## PROBLEM DETAILS
Your answer must be an exact copy of the data below, minus any pictures.

## SOURCE MATERIAL
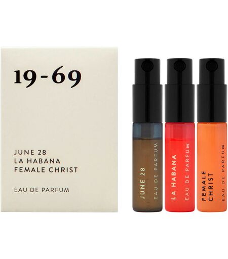 Een collectie in zakformaat bestaande uit 3 geuren. Deze set bevat: 1 x June 28, Eau de Parfum, 2.5 ml1 x La Habana, Eau de Parfum, 2.5 ml1 x Female Christ, Eau de Parfum, 2.5 ml Elke geur is geïnspireerd op een ander tijdperk, cultuur of omgeving in Afrika, Europa, de VS en Azië. Kunst, muziek, trends en culturen hebben hun stempel gedrukt op de geuren, zowel qua inhoud, naam als verpakking. De glazen flacons zijn gelakt en gezeefdrukt in Italië. Elk 19-69 product is handgemaakt, dus kleine variaties horen bij het karakter. Alle grondstoffen worden zorgvuldig getest en geselecteerd om de beste kwaliteit te garanderen. Voor elke geur is er een unieke geurreis. ...
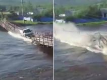 JEZIVO URUŠAVANJE DRVENOG MOSTA: Kamion pokušava da pređe preko njega, u sledećoj sekundi NESTAJE pod vodom (VIDEO)
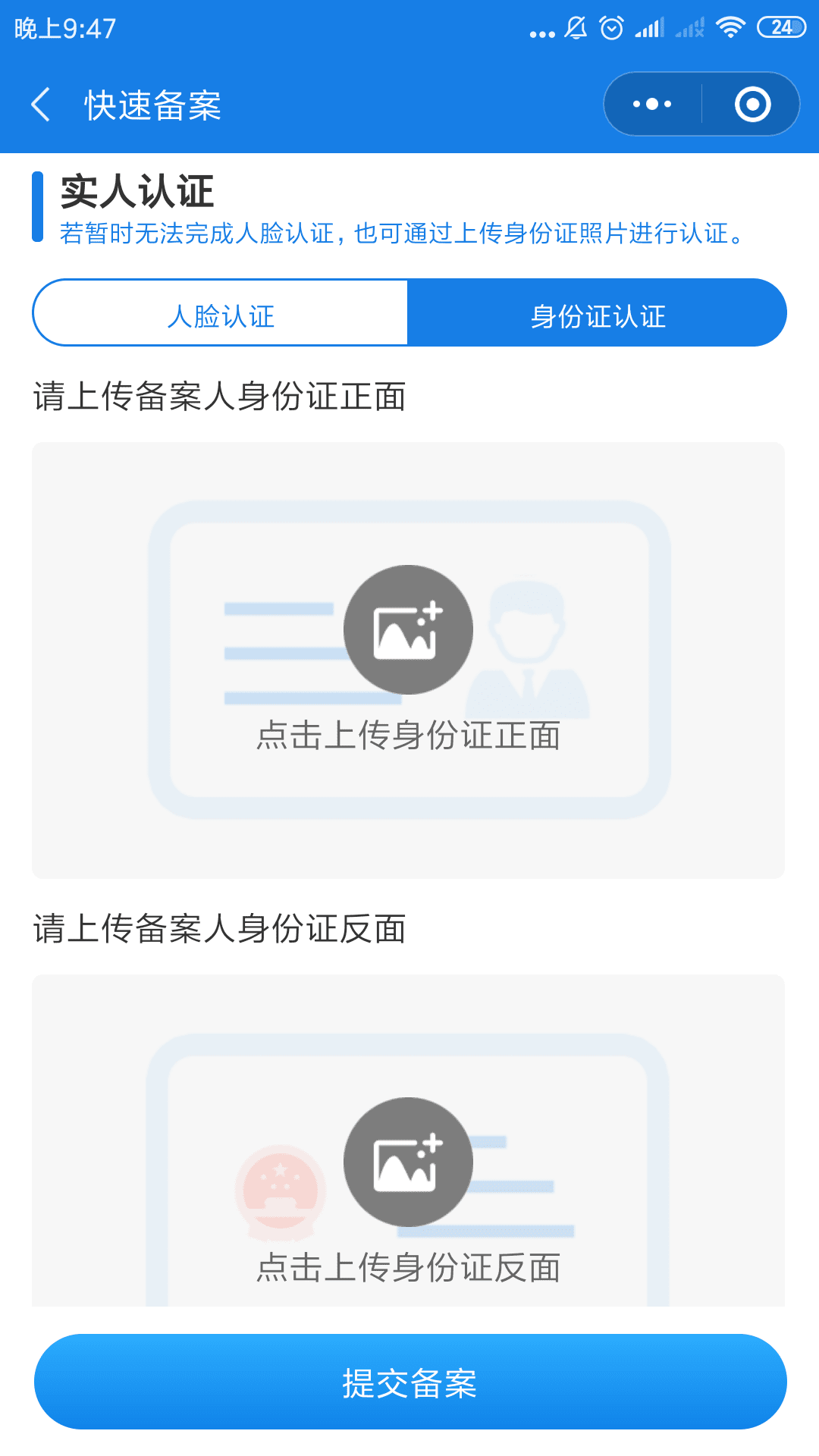 ④ 为他人备案需要 备案人实人认证 ,可直接通过 人脸认证 或者 上传备案人身份证正反面 进行认证,认证成功后提交备案。
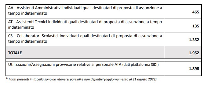 Per quanto riguarda, invece, il personale ATA, l’USR Lombardia rende noto che ‘all’esito delle operazioni di reclutamento del personale ATA per l’a.s. 2023/2024, avviate a livello regionale – anche in applicazione del DM 150 del 28 luglio 2023 recante “Disposizioni concernenti le immissioni in ruolo del personale amministrativo, tecnico e ausiliario (A.T.A.) per l’anno scolastico 2023/2024” – e, successivamente, gestite a livello provinciale, questo Ufficio fornisce la seguente tabella riepilogativa’:
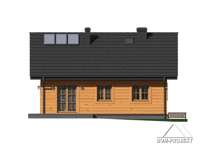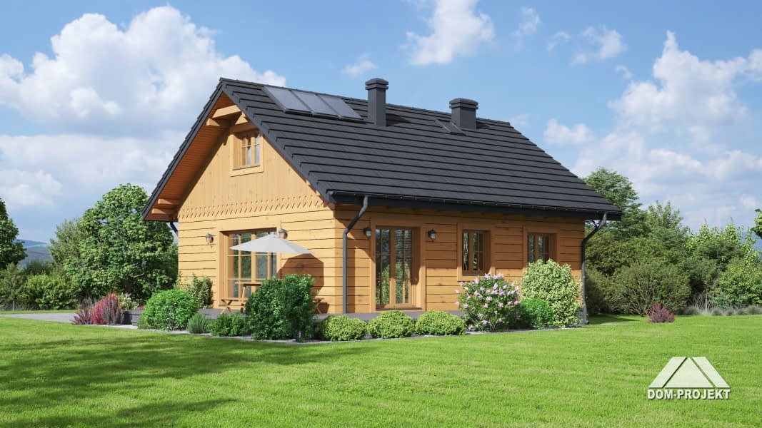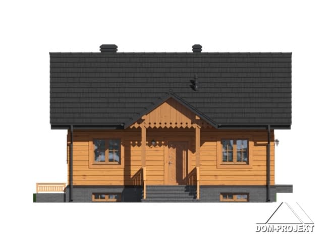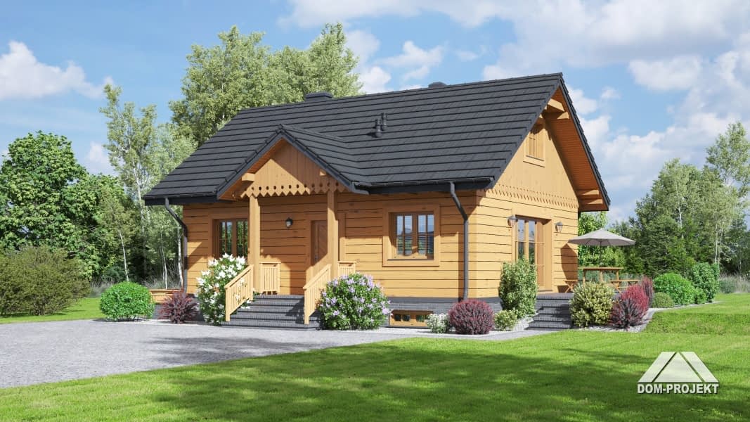 Dom parterowy w konstrukcji szkieletu drewnianego. Podpiwniczony. Na parterze duży salon z aneksem kuchennym, kominkiem i wyjściem na taras. Trzy pokoje, łazienka, wiatrołap i komunikacja. Wyjście na nieużytkowe poddasze schodami strychowymi rozkładanymi. W piwnicach: kotłownia, wc, dwa pomieszczenia gospodarcze i schody na poddasze.Rzuty

## REPLY TO THE EXERCISE
 Een collectie in zakformaat bestaande uit 3 geuren. Deze set bevat: 1 x June 28, Eau de Parfum, 2.5 ml1 x La Habana, Eau de Parfum, 2.5 ml1 x Female Christ, Eau de Parfum, 2.5 ml Elke geur is geïnspireerd op een ander tijdperk, cultuur of omgeving in Afrika, Europa, de VS en Azië. Kunst, muziek, trends en culturen hebben hun stempel gedrukt op de geuren, zowel qua inhoud, naam als verpakking. De glazen flacons zijn gelakt en gezeefdrukt in Italië. Elk 19-69 product is handgemaakt, dus kleine variaties horen bij het karakter. Alle grondstoffen worden zorgvuldig getest en geselecteerd om de beste kwaliteit te garanderen. Voor elke geur is er een unieke geurreis. ...
 JEZIVO URUŠAVANJE DRVENOG MOSTA: Kamion pokušava da pređe preko njega, u sledećoj sekundi NESTAJE pod vodom (VIDEO)
 ④ 为他人备案需要 备案人实人认证 ,可直接通过 人脸认证 或者 上传备案人身份证正反面 进行认证,认证成功后提交备案。
 Per quanto riguarda, invece, il personale ATA, l’USR Lombardia rende noto che ‘all’esito delle operazioni di reclutamento del personale ATA per l’a.s. 2023/2024, avviate a livello regionale – anche in applicazione del DM 150 del 28 luglio 2023 recante “Disposizioni concernenti le immissioni in ruolo del personale amministrativo, tecnico e ausiliario (A.T.A.) per l’anno scolastico 2023/2024” – e, successivamente, gestite a livello provinciale, questo Ufficio fornisce la seguente tabella riepilogativa’:
 Dom parterowy w konstrukcji szkieletu drewnianego. Podpiwniczony. Na parterze duży salon z aneksem kuchennym, kominkiem i wyjściem na taras. Trzy pokoje, łazienka, wiatrołap i komunikacja. Wyjście na nieużytkowe poddasze schodami strychowymi rozkładanymi. W piwnicach: kotłownia, wc, dwa pomieszczenia gospodarcze i schody na poddasze.Rzuty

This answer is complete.